- Born: April 19, 1874
- Died: April 5, 1952
- Allegiance: United Kingdom
- Branch: Royal Navy
- Rank: Admiral
- Unit: HMS Birmingham
- Commands: HMS Birmingham (1913-1916)
- Known for: Sinking U-15, Command of HMS Birmingham at Dogger Bank and Jutland
- Conflicts: First World War; Battle of Dogger Bank; Battle of Jutland;
- Awards: Knight Commander of the Order of the Bath (KCB)
- Relations: A. G. Duff (father)

= Arthur Duff (Royal Navy officer) =

Royal Navy Admiral (1874–1952)

Admiral Sir Arthur Allan Morison Duff, KCB, JP, DL (19 April 1874 – 5 April 1952) was a Royal Navy officer.

Duff was the son of General A. G. Duff.

In 1913, Duff was given command of the light cruiser HMS Birmingham.

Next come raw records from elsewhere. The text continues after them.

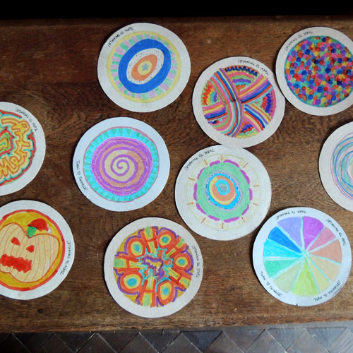Out of the patterns of the discs we found that the spotty design worked best, followed by the stripes, but this may be partly to do with using felt tips that weren’t running out so the colours were brighter….
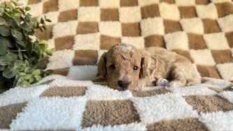 Ruthie is a sweetheart! She is a gentle and loving Micro Goldendoodle. She is fully grown at only 9 pounds.
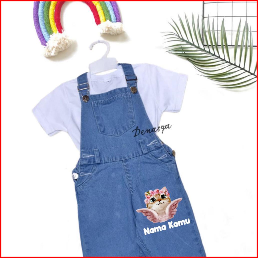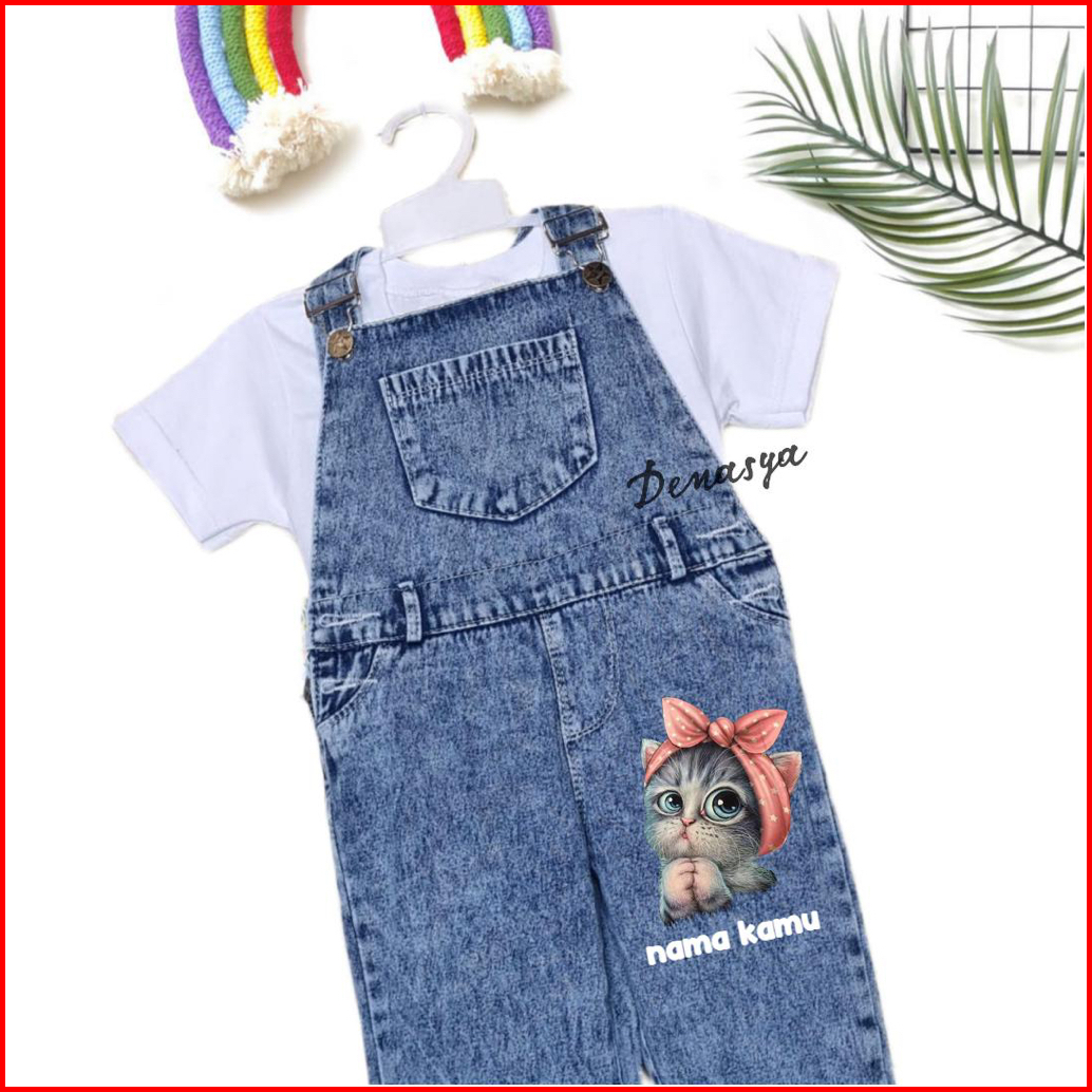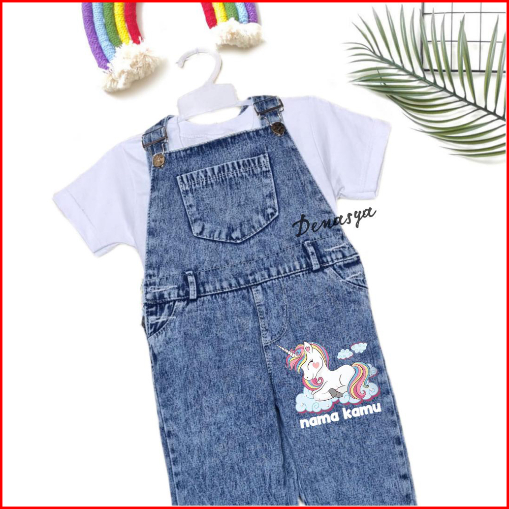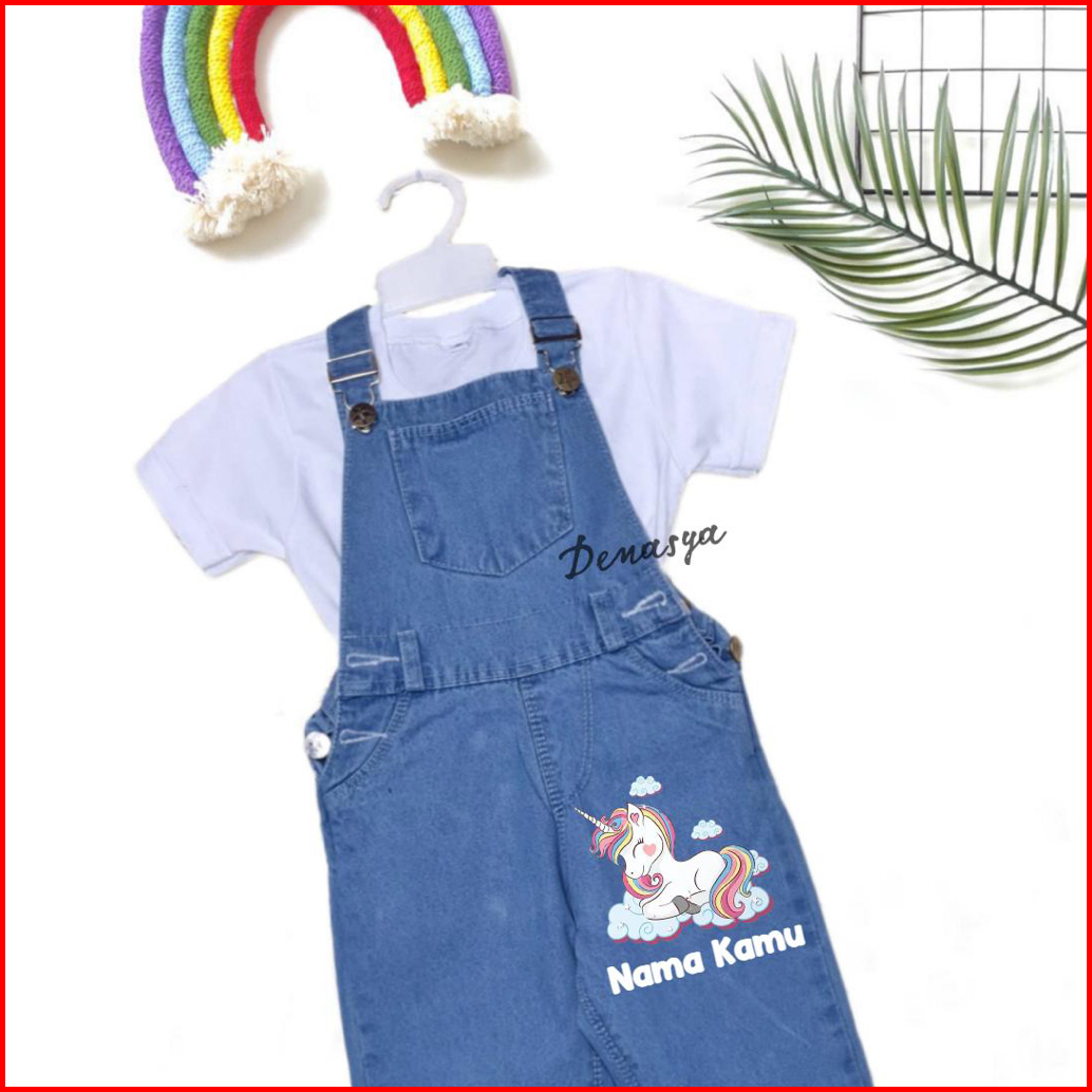 Setelan Anak Perempuan Overall Jeans Anak Motif Sablon Custom Nama Jumpsuit Jeans Anak 1-7 Tahun
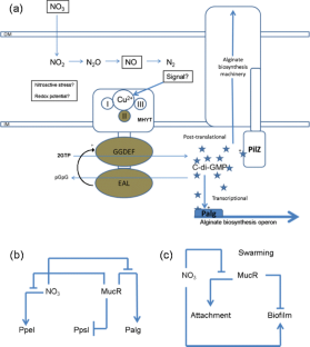 Alginates exhibit unique material properties suitable for medical and industrial applications. However, if produced by Pseudomonas aeruginosa, it is an important virulence factor in infection of cystic fibrosis patients. The alginate biosynthesis machinery is activated by c-di-GMP imparted by the inner membrane protein, MucR. Here, it was shown that MucR impairs alginate production in response to nitrate in P. aeruginosa. Subsequent site-specific mutagenesis of MucR revealed that the second MHYT sensor motif (MHYT II, amino acids 121–124) of MucR sensor domain was involved in nitrate sensing. We also showed that both c-di-GMP synthesizing and degrading active sites of MucR were important for alginate production. Although nitrate and deletion of MucR impaired alginate promoter activity and global c-di-GMP levels, alginate yields were not directly correlated with alginate promoter activity or c-di-GMP levels, suggesting that nitrate and MucR modulate alginate production at a post-translational level through a localized pool of c-di-GMP. Nitrate increased pel promoter activity in the mucR mutant while in the same mutant the psl promoter activity was independent of nitrate. Nitrate and deletion of mucR did not impact on swarming motility but impaired attachment to solid surfaces. Nitrate and deletion of mucR promoted the formation of biofilms with increased thickness, cell density, and survival. Overall, this study provided insight into the functional role of MucR with respect to nitrate-mediated regulation of alginate biosynthesis.
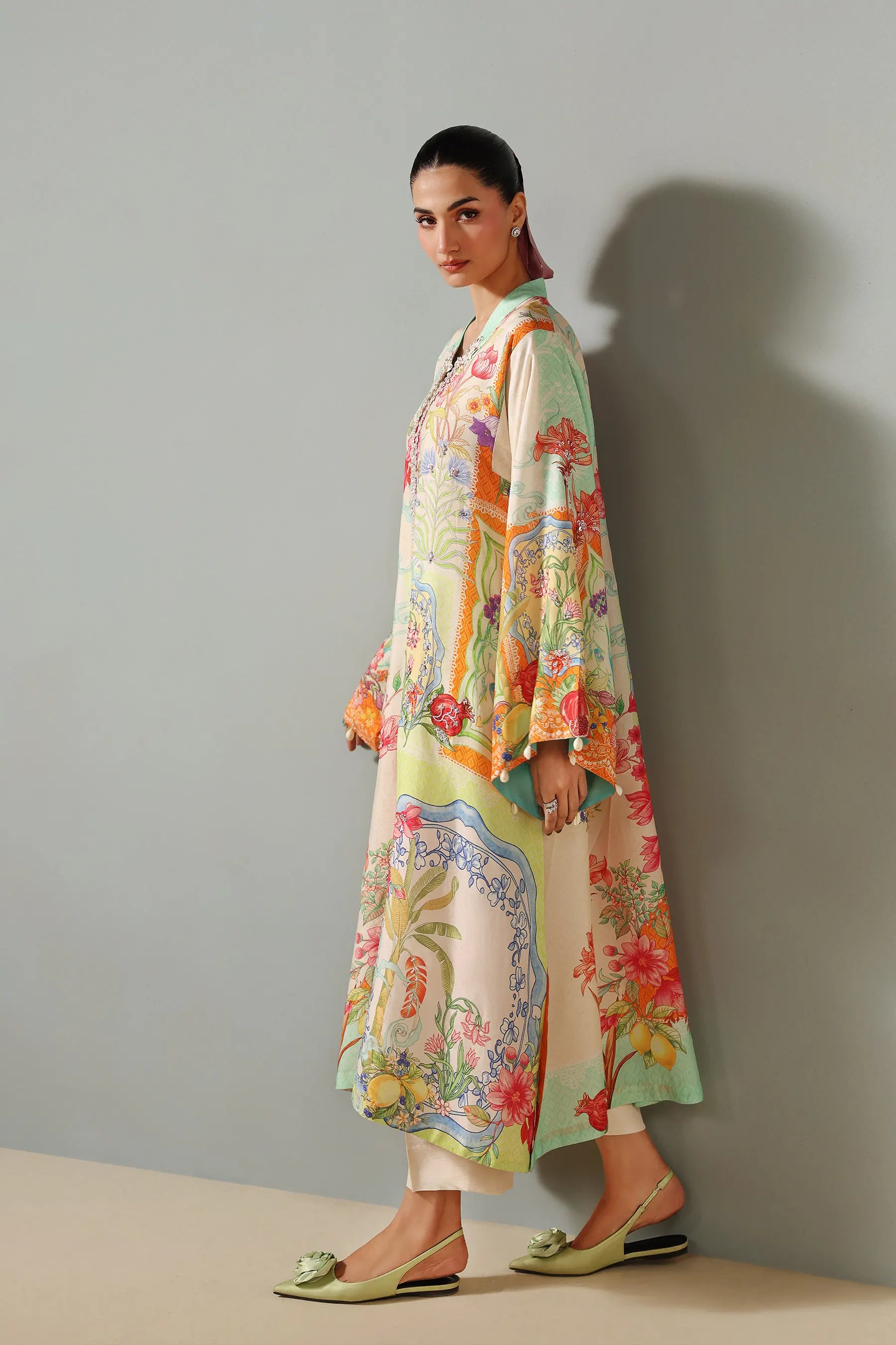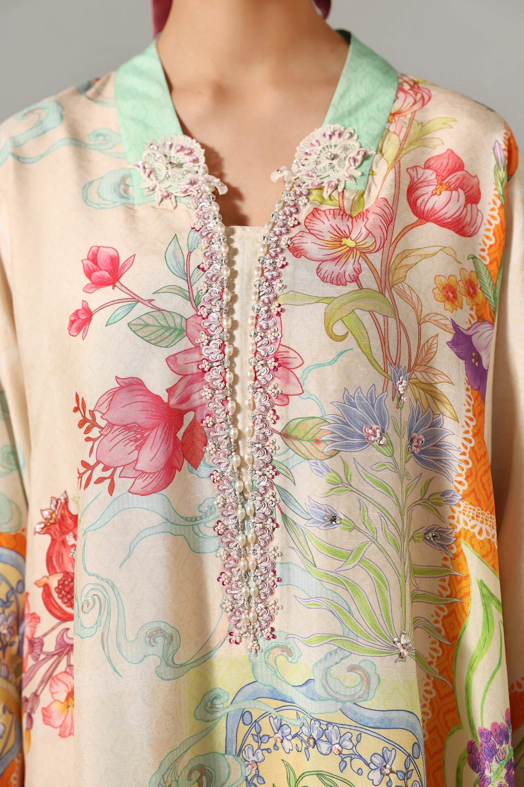 Embrace refined daytime festivity with this elegant ivory ensemble by AMMARA KHAN. This ensemble features a long, relaxed cut shirt with a floral and fruit-inspired print in pastel tones. The neckline is hand-embellished with pearls, and sequins, while the wide sleeves are finished with printed borders and shell drop accents. The outfit includes straight pants and the design offers effortless charm, making it perfect for Eid gatherings and celebratory moments.

Duff was in command of the ship when, on 9 August 1914, she rammed the German submarine U-15 off Fair Isle, cutting her in two, becoming the first German submarine to be sunk in the First World War. In 1916, Duff later commanded Birmingham at the Battle of Dogger Bank and the Battle of Jutland.

Duff was promoted to KCB in the 1929 New Year Honours. He was promoted to Admiral on 8 May 1930 and was placed on the Retired List on 15 May.